Proposals must be submitted using the form at http://cunyitconference.commons.gc.cuny.edu/. Proposals are due by 9/12/13. Acceptances will be announced by the end of that month.
The City University of New York's 12th annual IT Conference will look back over - and beyond - a year of touted disruptions, of promised tsunamis and revolutions in the way IT is deployed in academe. How much has changed? How much that was prophesied may still come to pass? It would be good to get together and talk about this, and the CUNY IT Conference seems to be the ideal occasion.
As has been the case since its inception, the conference will be held at John Jay College, offering overviews of the University's key IT initiatives, discussions of how technology continues to affect teaching, scholarship, and administration, and a chance to meet with vendors. As always, proposals for presentations are invited from the CUNY community, particularly those addressing developments that are demonstrably or potentially game-changing -- or, on the other hand, are evidence that the game is resistant to being changed.

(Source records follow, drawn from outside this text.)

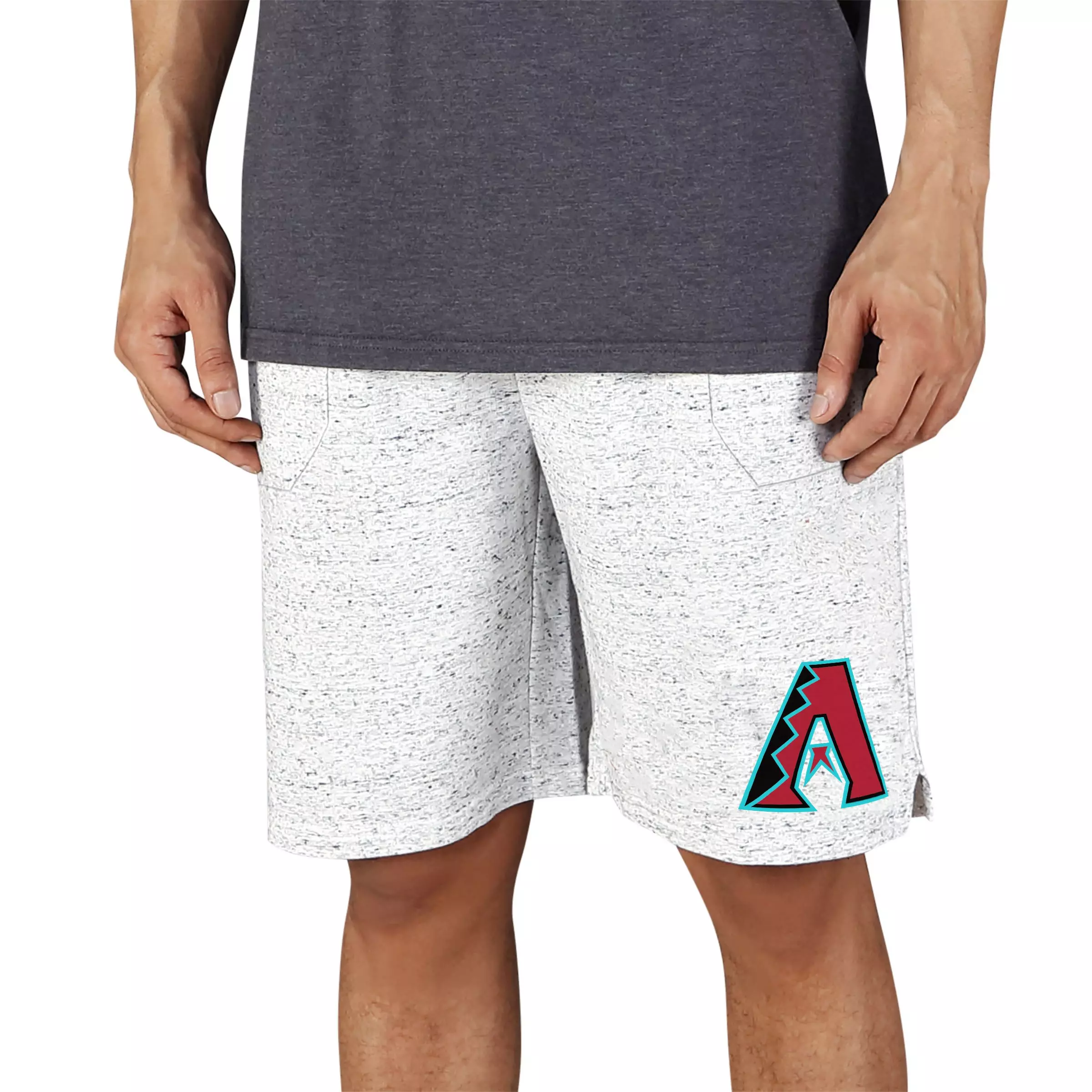These College Concepts Men's Arizona Diamondbacks Throttle Shorts - White/Charcoal combine loungewear with supporting your favorite team. The side slip pockets and drawstring with elastic waist provide comfort while the printed graphic puts your team spirit out on display for everyone to see.Features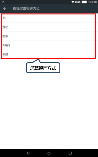 4. 可以看到锁定方式有:【无】、【滑动】、【图案】、【PIN码】和【密码】,如图1-4所示;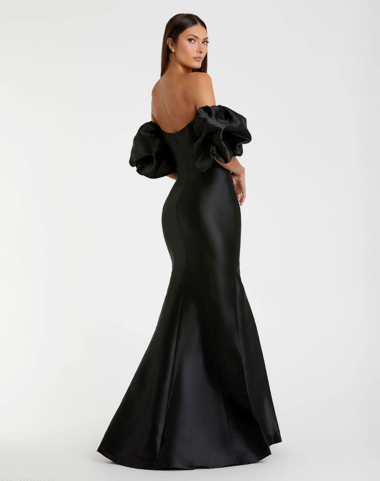 The Toulouse seizes attention with its bold off‑the‑shoulder silhouette and dramatic puff sleeves that insist on being seen. Crafted from luxurious satin, this gown refuses to whisper—it declares. The sweeping train trails behind you like a statement, creating a silhouette that's both timeless and unapologetically daring. Perfect for those ready to make an unforgettable entrance.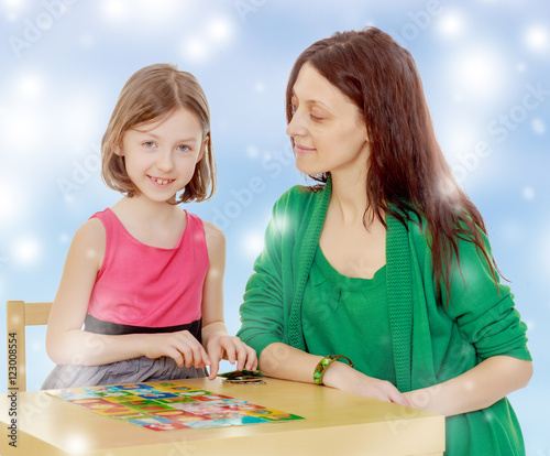 Fototapeta premium The teacher and the girl at the table studying the cards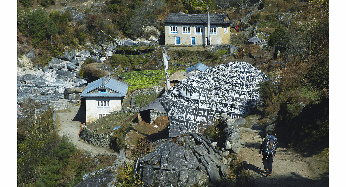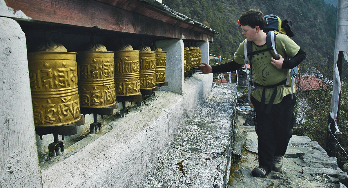 Ben gets acquainted with the prayer wheel routine on Khumbu trails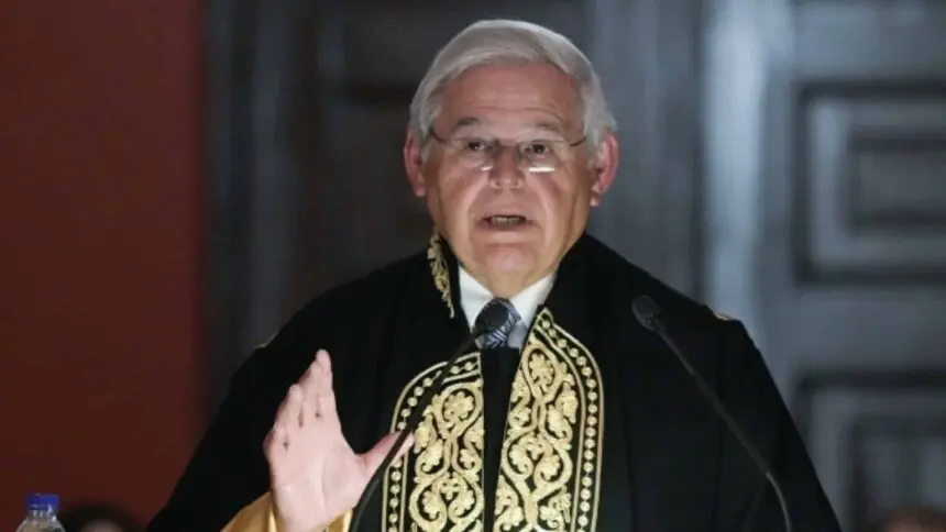 Επίτιμος διδάκτορας του Πανεπιστημίου Αθηνών αναγορεύτηκε ο αμερικανός γερουσιαστής και πρόεδρος της Επιτροπής Εξωτερικών Σχέσεων της Γερουσίας Ρόμπερτ Μενέντεζ σε τελετή που πραγματοποιήθηκε στη μεγάλη αίθουσα του Ιδρύματος.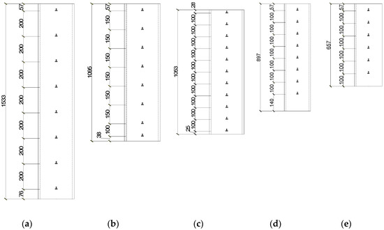 Location of strain gauge on the steel tube: (a) CFT-PAC-8; (b) CFT-PAC-7; (c) CFT-PAC-6; (d) CFT-PAC-5; (e) CFT-PAC-1~CFT-PAC-4, CFT-NC-1~CFT-NC-3.
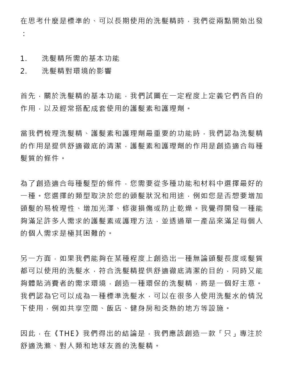 THE認為洗髮精的作用是提供舒適徹底的清潔,護髮素和護理劑的作用是創造適合每種髮質的條件,因此THE專注於創造出一種無論頭髮長度或髮質都可以使用的洗髮精,以符合舒適且徹底清潔的目的。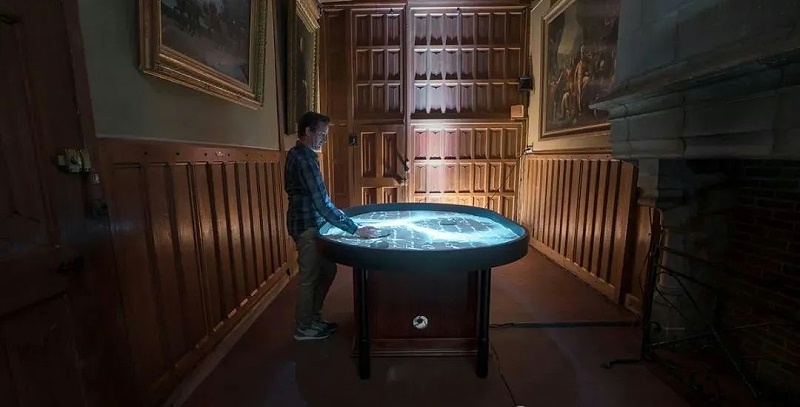 Lithos Ammos——意蕴深远的投影互动装置,原为昂布瓦斯博物馆量身定制,旨在以创新手法展现馆藏之精华。装置巧妙融合了古老文化与现代科技,将博物馆珍藏的细腻插图与原始羊皮卷轴,通过数字影像的投置于细腻白沙之上,白沙不仅铺满桌面,更寓意着邻近的卢瓦尔河畔。装置内置的鹅卵石,作为互动媒介,可触发沙面下隐藏的动态影像,仿佛穿越时空,唤醒沉睡于沙中的视觉宝藏。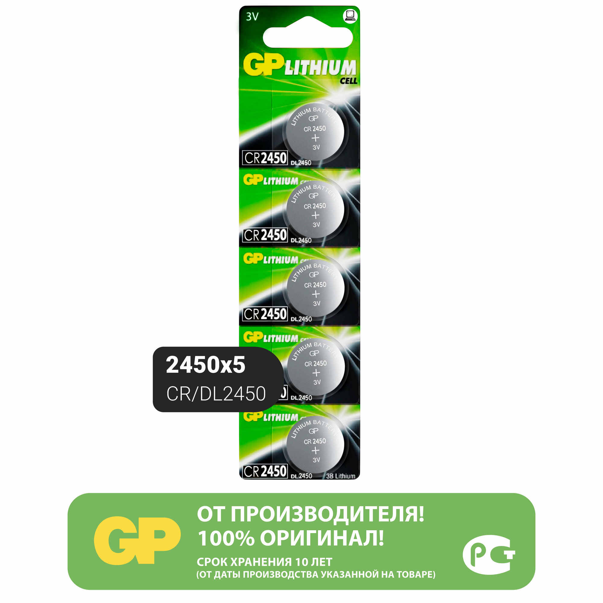 Литиевые дисковые батарейки GP Lithium CR2450 - 5 шт., каждая в своем отрывном блистере

1. Do the real and touted changes reach beyond processes and procedures to change us, our students, our mission, our culture? What should we talk through together as we weigh priorities and investments of time and resources? What ongoing discussions and structures do we need to consider the changes we are confronting, either as prospects or realities?2. We see new prodigies of scale: MOOCs (Massive Open Online Courses), enterprise-wide plans and deployments, systems talking to systems. What are the gains and losses of scaling up thus? As new configurations emerge, do they only add to the mix or change it?3. What does all the heralded change mean for our ability to manage change, to plan, to preserve what we do and persevere in it? Are changes more apparent than real, more superficial than deeply transformative? Are we keeping our eyes on the ethical (what should change) as well as the trending (what will change)?Proposals are invited for panels or presentations but also roundtables, workshops, and other interactions. Specifying format as well as focus, each proposal should include a title, an abstract of no more than 200 words, and the name and affiliation of each party to the proposal. (Proposals are welcome from individuals but are particularly welcome from groups that have found ways of arranging multiple perspectives on a subject.)